◆ Material provided
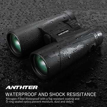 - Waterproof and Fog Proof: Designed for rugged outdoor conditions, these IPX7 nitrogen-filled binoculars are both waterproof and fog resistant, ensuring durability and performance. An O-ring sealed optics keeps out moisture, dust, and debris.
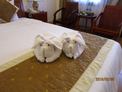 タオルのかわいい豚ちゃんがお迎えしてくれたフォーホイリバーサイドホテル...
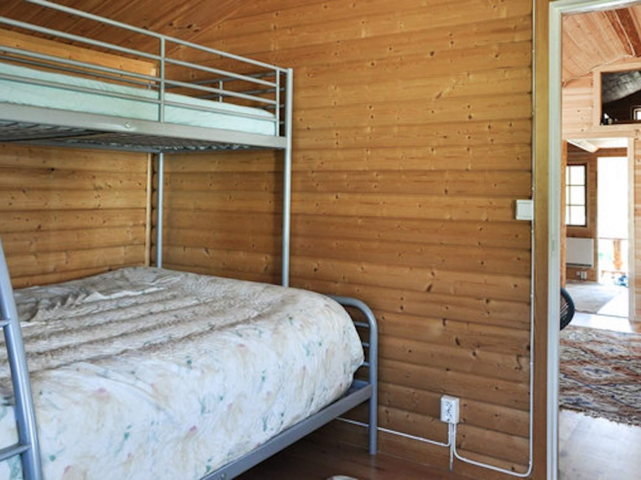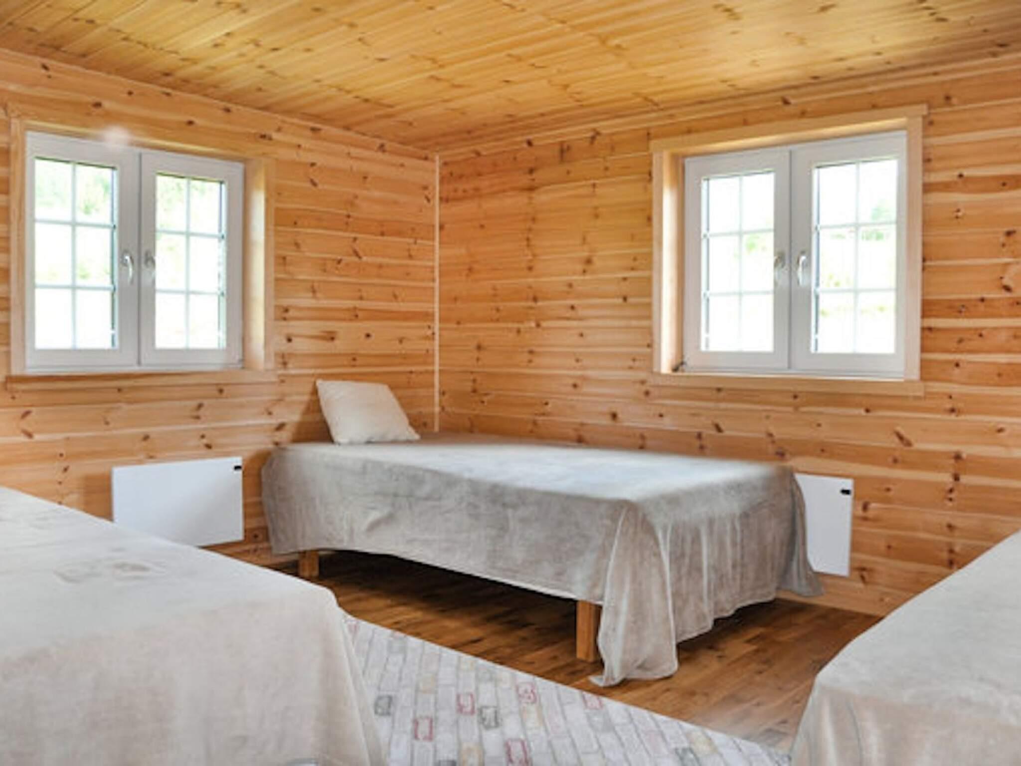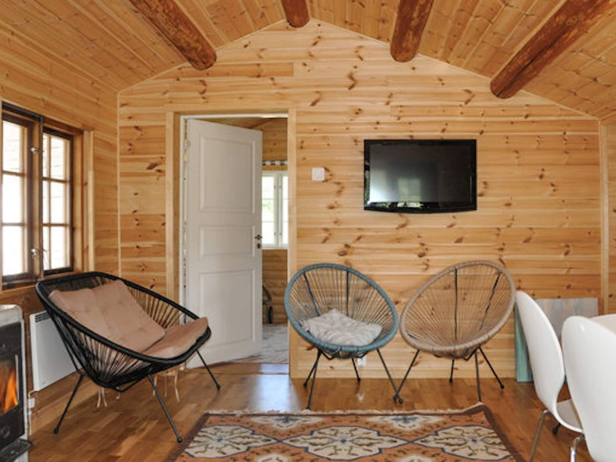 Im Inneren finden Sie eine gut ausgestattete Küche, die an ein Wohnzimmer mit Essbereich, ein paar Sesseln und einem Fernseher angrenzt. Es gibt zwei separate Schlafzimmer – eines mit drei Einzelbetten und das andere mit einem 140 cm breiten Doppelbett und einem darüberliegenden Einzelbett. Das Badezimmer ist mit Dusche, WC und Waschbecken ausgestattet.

==

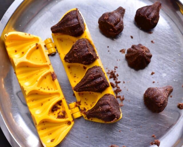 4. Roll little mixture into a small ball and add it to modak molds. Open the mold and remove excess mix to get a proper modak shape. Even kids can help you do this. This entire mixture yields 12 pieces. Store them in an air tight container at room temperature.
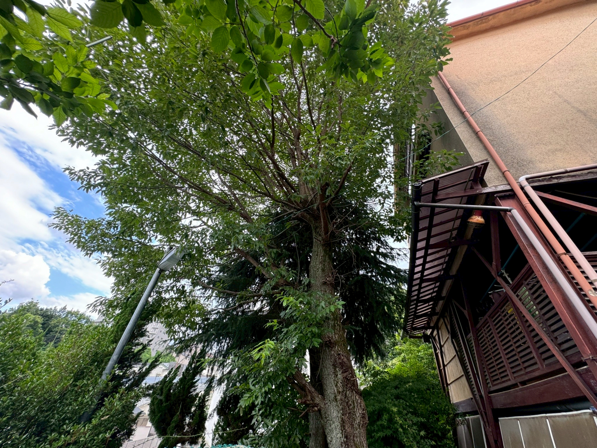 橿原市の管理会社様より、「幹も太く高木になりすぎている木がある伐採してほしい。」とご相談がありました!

◆ The task
Copy out the listing above from the line containing "- Waterproof and" to the line containing "Im Inneren finden", both included, exactly as written and minus the images.

◆ Written answer
 - Waterproof and Fog Proof: Designed for rugged outdoor conditions, these IPX7 nitrogen-filled binoculars are both waterproof and fog resistant, ensuring durability and performance. An O-ring sealed optics keeps out moisture, dust, and debris.
 タオルのかわいい豚ちゃんがお迎えしてくれたフォーホイリバーサイドホテル...
 Im Inneren finden Sie eine gut ausgestattete Küche, die an ein Wohnzimmer mit Essbereich, ein paar Sesseln und einem Fernseher angrenzt. Es gibt zwei separate Schlafzimmer – eines mit drei Einzelbetten und das andere mit einem 140 cm breiten Doppelbett und einem darüberliegenden Einzelbett. Das Badezimmer ist mit Dusche, WC und Waschbecken ausgestattet.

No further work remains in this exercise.